Using Both Demonstrations and Language Instructions to More Efficiently Learn Robotic Tasks
Method Overview
Motivation
Current multitask policies use task embeddings based on one hot vectors, language embeddings, or demonstration embeddings. However, language instructions and video demonstrations can often be ambiguous, especially if they were provided in environments that do not perfectly align with the environment the robot is evaluated in.
To resolve ambiguities and decrease teacher effort needed when specifying new tasks, we propose using task embedding vectors that are bimodal: containing both language embedding features and visual demonstration features. Directly conditioning a multitask policy on bimodal task embeddings allows the two modalities to contextually complement each other, enabling the robot to more clearly understand what a new task is and how to perform it.
Contributions
We present DeL-TaCo (Joint Demo-language Task Conditioning), a framework for conditioning a multitask policy simultaneously on both a demonstration and corresponding language instruction. We introduce a challenging distribution of hundreds of robotic pick-and-place tasks and show that DeL-TaCo improves generalization ability and significantly decreases the number of expert demonstrations needed when learning novel tasks during test time.

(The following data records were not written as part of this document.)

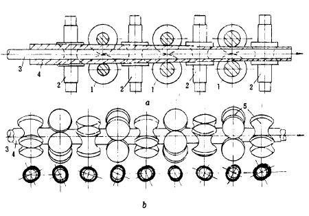 1-水平軋輥 2-垂直軋輥 3-芯棒 4-軋件 5-按不同角度布置的軋輥
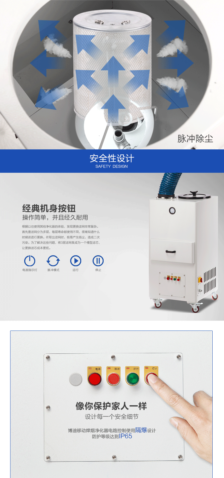 4、濾筒采用防靜電復膜聚脂纖維材質,吸附性能更高,安全性更好,過濾效果 > 99.9 % ,使用壽命長,可以吸收 0.3 μ m 的粉塵顆粒;
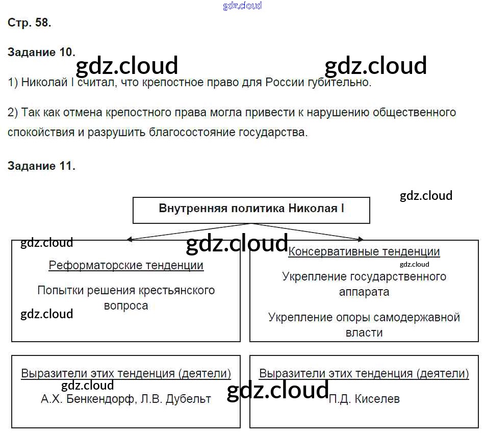 Ответ на задание стр.58 Рабочая тетрадь История за 9 (девятый) класс Чернова УМК 2017 Часть 1, 2
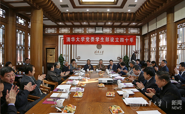 8xbet(中国)网1月16日电 1月14日,纪念8xbet.com党委学生部设立四十年座谈会在工字厅举行。最高人民检察院原检察长贾春旺,8xbet.com党委书记陈旭、校长邱勇和学校老领导方惠坚、贺美英、张再兴等参加了座谈会。党委副书记史宗恺主持会议。
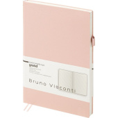 Ежедневник недатированный Bruno Visconti Grand искусственная кожа отсутствует А5 128 листов пудровый Недатированный ежедневник формата А5 выполнен в мягкой пудровой обложке из искусственной кожи. Конструкция дополнена петлёй под ручку и двойным ляссе, закреплённым на корешке. Ежедневник оценят те, кто привык обращать внимание на мелкие, но важные детали. Внутренний блок содержит 128 листов офсетной тонированной бумаги плотностью 80 г/кв.м с линовкой и печатью в одну краску. В начале предусмотрены 14 страниц справочной информации. Ежедневник сшит, не имеет скруглённых углов и предназначен для персонализации.
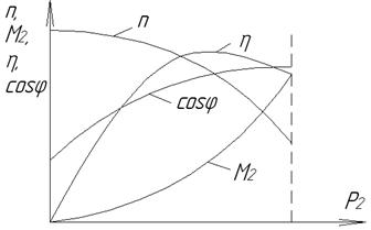 Вибрационные силы, действующие на асинхронную машину. Зубцовые и другие магнитные поля статора и ротора, образующие синхронный вращающийся момент проявляются не только при взаимно синхронном вращении, но и при любых других скоростях, в этом случае они образуют периодически вращающееся моменты, которые в течение одного полупериода направлены в обратном направлении. Такие периодически меняющиеся моменты создают вибрации ротора и отдельных частей машины, эти явления становятся особенно заметными при наличии резонансных явлений. При неблагоприятных соотношениях зубцов статора и ротора могут возникать не только тангенциальные составляющие, но и радиальные магнитные силы, действующие на статор и ротор и перемещающиеся вдоль окружности воздушного зазора, при вращении ротора эти силы вызывают вибрацию машины. Шумы при работе асинхронных машин могут возникать вследствие механических и магнитных колебаний. Механические причины шума зависят от балансировки ротора, состояния подшипников и колебания вентилирующего воздуха в каналах охлаждения. Более неприятный шум, вызванный магнитными явлениями, связанными с наличием высших гармоник магнитного поля. Стальные листы и отдельные ферромагнитные части машины, попадая в переменное магнитное поле Зубковой частоты, начинают колебаться. Рабочие характеристики асинхронных машин. Рабочие характеристики – это зависимости
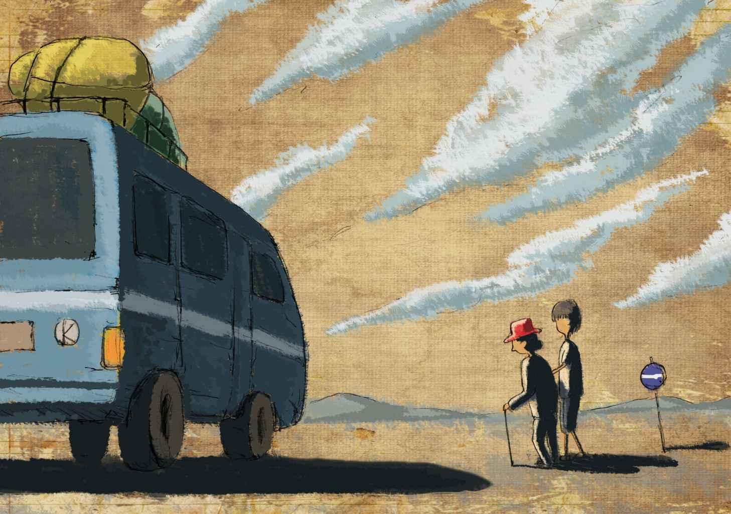 很久以前我们还在牧场上流浪,那年外婆八十八岁,我决定带着她离开深山。我收拾好行李,和外婆走到土路边等车,等了很久很久。我对外婆说:“以后你就跟着我过,跟我到乌鲁木齐生活。”那时我一直在心里盘算今后我们两个怎么过日子,租个什么样的房子,打什么样的工。外婆轻轻答应着,但什么也没说。车快来时她才说:“我不是不想和你在一起。我是怕拖累你。”我眼泪流个不停,但还是说:“外婆,我们永远在一起,你不要害怕。”后来车来了,我们上了车。我晕车,一路上不时地下车呕吐。每到那时外婆也跟着我下车,抚摸我的背。后来汽车路过荒野中的一家简易的小食店,所有旅客下车休息。当时那家店里只提供一种食品:炸鱼。我什么也吃不下,只给外婆买了一些。本来外婆从不吃这些有腥味的东西,但那天饿极了,吃了很多。之前我们在山林间一连坐了七八个小时的车,一路颠簸,疲惫不堪。
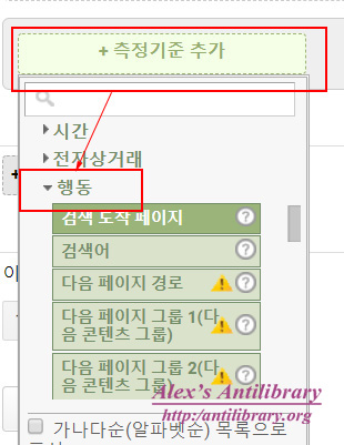 다음으로 측정기준을 추가한다. 아래와 같이 행동 > 검색 도착 페이지 를 선택한다.
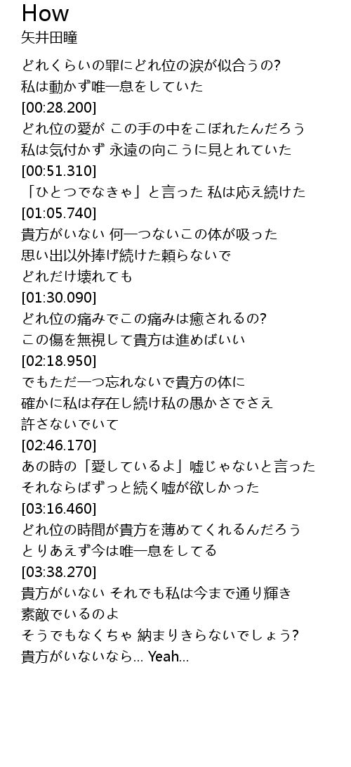 | [00:06.700] | どれくらいの罪にどれ位の涙が似合うの? |
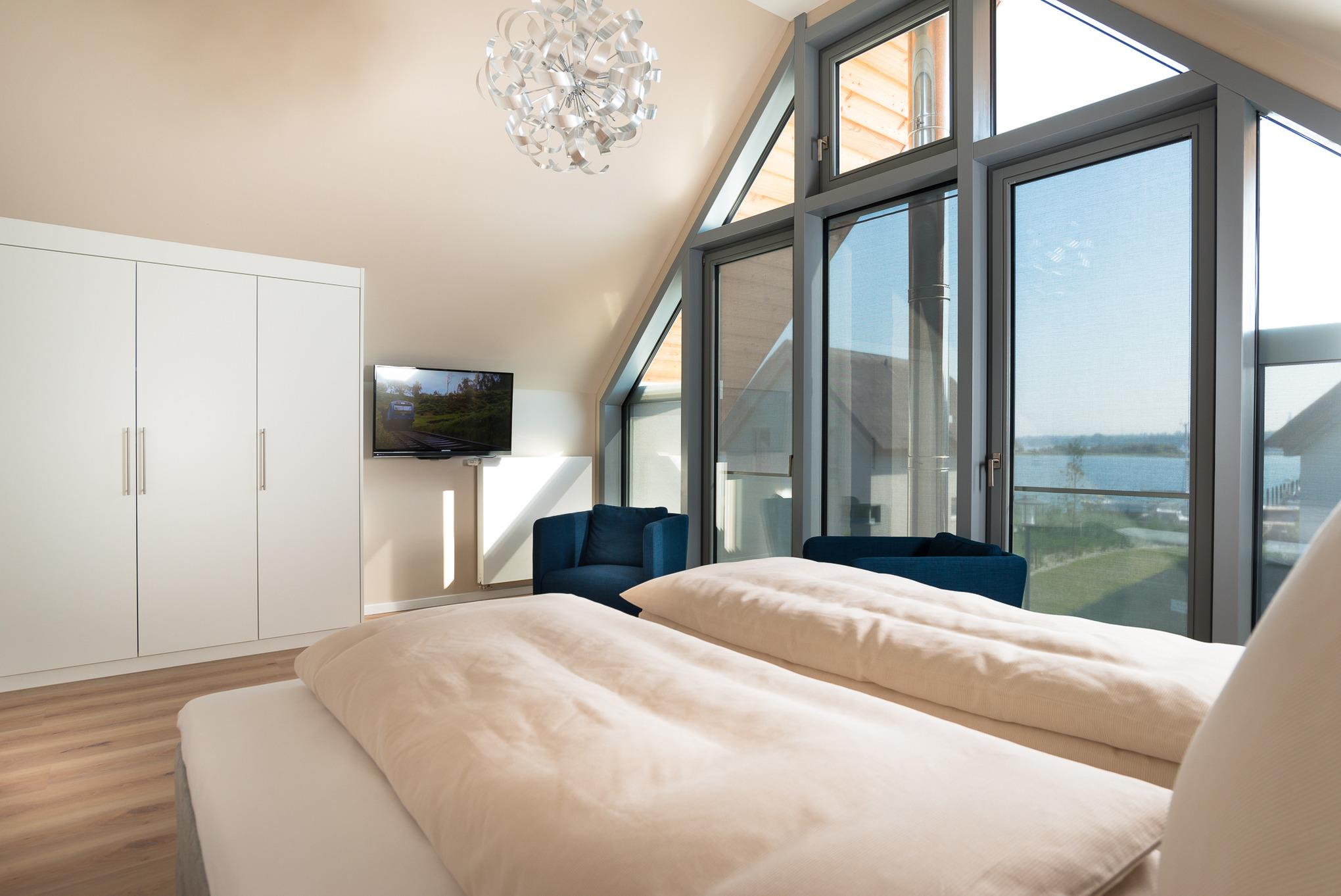 Wunderbarer Blick auf die weite Ostsee und den romantischen Segel-Yachthafen.
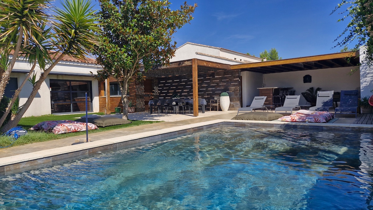 Venez séjourner dans cette magnifique maison de 140m2, climatisée avec piscine, pouvant accueillir jusqu’à 6 personnes. Idéalement situé, vous êtes au cœur du centre ville, proche de toutes commodités. A 5 minutes de la Gare à pied et à seulement 15 minutes d'Avignon en voiture.(35minutes en bus: arrêt de bus à 100m du logement.) Vous serez proche de nombreuses visites: - Avignon (9km) - Isle sur la sorgue (14 km) - Châteauneuf du pape (16km) - Saint Remy de Provence (23km) - Gordes (32km)

To our knowledge, this is the first work to show that simultaneously conditioning a multi-task robotic manipulation policy on both demonstration and language embeddings improves sample efficiency and generalization over conditioning on either modality alone.
Sample Tasks (with associated task language strings)
Each gif depicts four rollouts. Container positions and distractor objects are different on each reset.
Selected Train Tasks
Task ID 1: "Put fountain vase in green bin."
Task ID 87: "Put red colored object in red bin."
Task ID 141: "Put chalice shaped object in front bin."
Task ID 270: "Put bottle in right bin."
Selected Test Tasks
Task ID 32: "Put black and white colored object in green bin."
Task ID 97: "Put trapezoidal prism shaped object in red bin."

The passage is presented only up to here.